The peptides were purified using RP-SPE columns[33,34] (Silicycle® Siliaprep™ C18, 5 g, 40–60 μm). The columns were activated and equilibrated in accordance with manufacturer recommendations. The peptides were dissolved in A (100 mg mL−1), loaded into the column and eluted with a solvent B gradient. The fractions were analyzed via RP-HPLC chromatography, and those that contained the pure peptide were collected and lyophilized.

MALDI-TOF MS

The peptide (1 mg mL−1) was mixed with the matrix (1.0 mg mL−1 of 2,5-dihydroxybenzoic acid, or sinapinic acid) (2 : 18, v/v), and then 1 μL of this mixture was seeded on a steel target. The experiment was carried out on a Ultraflex III TOF-TOF mass spectrometer (Bruker Daltonics, Bremen, Germany), Laser: 250 shots and 25–30% power.

Electrospinning assays

The nanofibers were obtained by electrospinning of a Pullulan or Pullulan-peptide solution. The optimal ratio between Pullulan and peptide was established as the maximum peptide quantity that didn't affect the Pullulan spinability. It was found that Pullulan/peptide 74 : 1 w/w was the best ratio and being 20% w/w the final concentration Pullulan. (a) Pullulan (20% w/v) was dissolved in deionized water. (b) Pullulan (975 mg mL−1) and LfcinB (20–25)Pal peptide (13.2 mg mL−1) solutions were mixed and diluted with deionized water until reaching a Pullulan concentration of 20% w/v. The solution was stored overnight at 4 °C. After that, the solution was passed through a syringe (KDS100; KD-Scientific, New Hope, PA). The caudal was 0.5 mL h−1, the applied voltage (Spellman SL150) was 15 kV, and the distance from the needle to the collector was 11 cm. Once the Taylor cone was formed, the nanofibers were collected on aluminium foil for 20 min.[14] The membranes were sterilized with UV radiation and stored in a desiccant chamber.

Kaiser test

The presence of free amine groups in the nanofibers was evaluated using the Kaiser test.[35] Briefly, (1) phenol was dissolved in absolute ethanol (4 g mL−1); (2) 1.0 mL of KCN aqueous solution (0.65 mg mL−1) was mixed with 49.0 mL of pyridine; (3) 1.25 g of ninhydrin was dissolved in 25 mL of absolute ethanol; (4) solutions (1) and (2) were mixed (1 : 1 v/v), solutions 3 and 4 were mixed (1 : 2; v/v), and then (i) Pullulan-LfcinB (21–25)Pal nanofiber (1 mg) or (ii) Pullulan nanofiber (1 mg) was added.
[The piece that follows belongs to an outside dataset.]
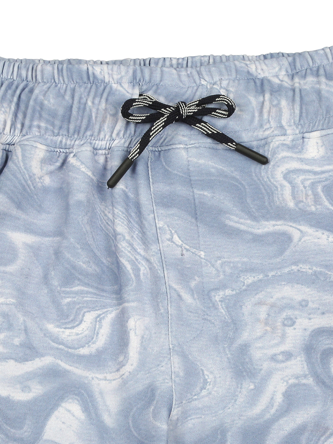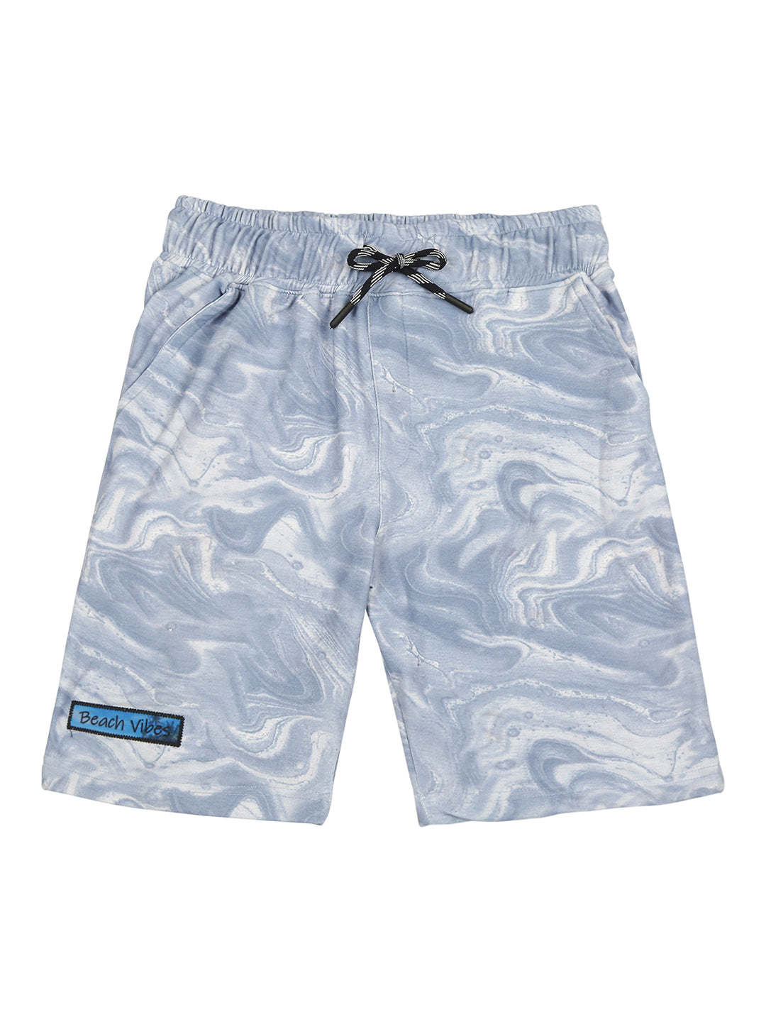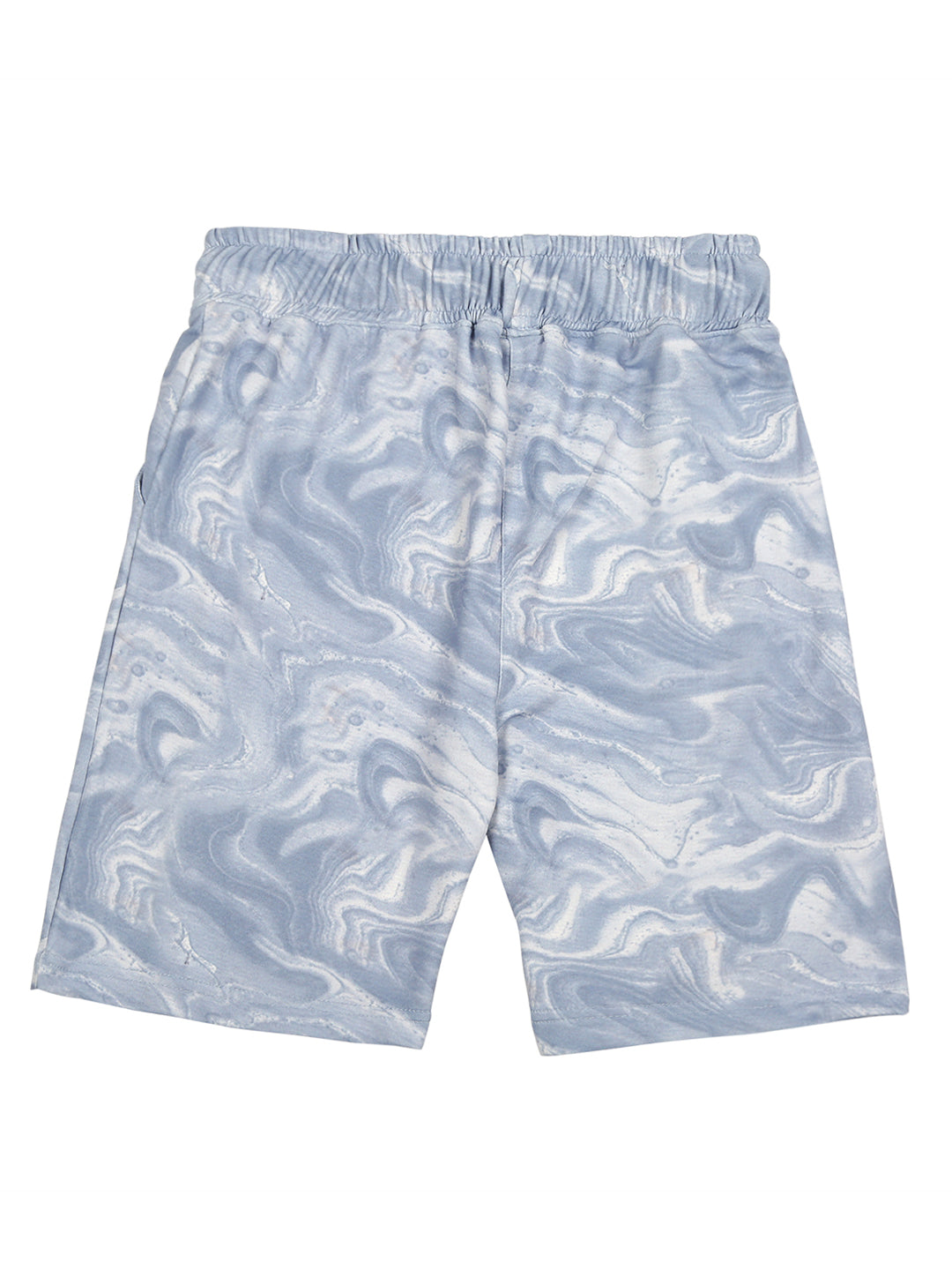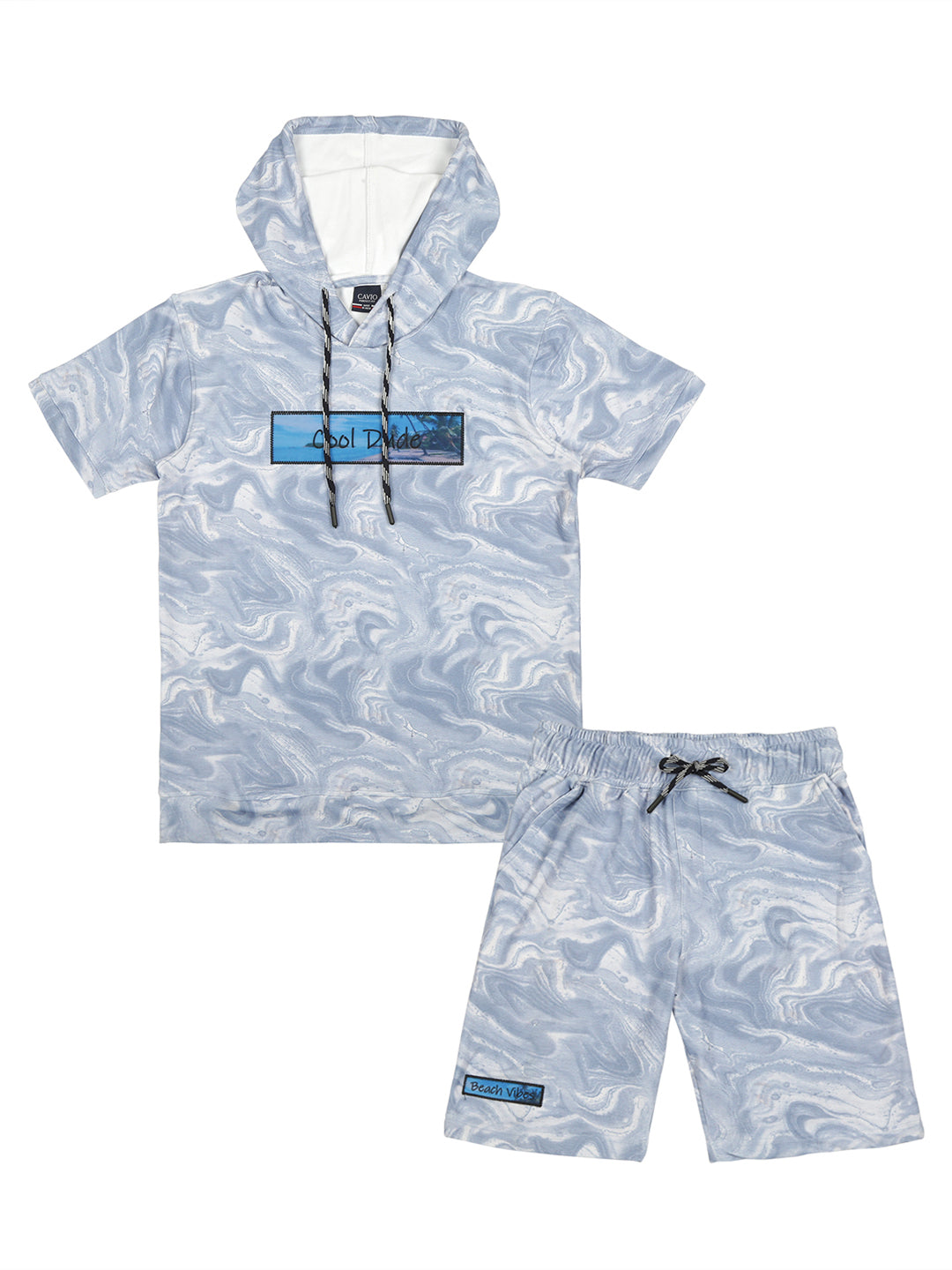 White and blue printed T-shirt ,has a hooded, short sleeves

The reaction mixture was heated at 105 °C for 5 min. A blue solution indicates a positive test for the presence of free amine groups, while a yellow solution indicates a negative test.

Encapsulation efficiency

The quantity of peptide in the nanofibers was determined via RP-HPLC chromatography. Briefly, Pullulan nanofibers (0.18% w/w) or Pullulan-LfcinB (21–25)Pal nanofibers (2.36% w/w) were dissolved in solvent A and passed through a Merck Chromolith® C18 (50 × 4.6 mm) column, as described in 2.3.
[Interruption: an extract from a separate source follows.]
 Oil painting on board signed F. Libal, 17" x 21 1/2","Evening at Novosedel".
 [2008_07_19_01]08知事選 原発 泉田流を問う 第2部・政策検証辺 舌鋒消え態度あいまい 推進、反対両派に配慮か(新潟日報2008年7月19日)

Atomic force microscopy (AFM)

The nanofibers were put on the metallic support (1 cm diameter) of the microscope (nano surf easyScan 2 flexAFM). The images were obtained while varying the size of the analysis region (100, 50, 10, and 5 μm), and the force was 20–25 N, 256 points and 799 ms by line.[36]

Scanning electronic microscopy (SEM)

The nanofibers were analyzed via SEM microscopy (TESCA, VEGA 3, and secondary electron detection). Gold-covered nanofibers were put on the metallic support (1 cm diameter) of the microscope, and the images were obtained while varying the size of the analysis region (50, 10, 5, 2, and 1 μm). The support movement was random. The distribution of the diameter of the fibers was determined by measuring 100 fibers in the whole membrane.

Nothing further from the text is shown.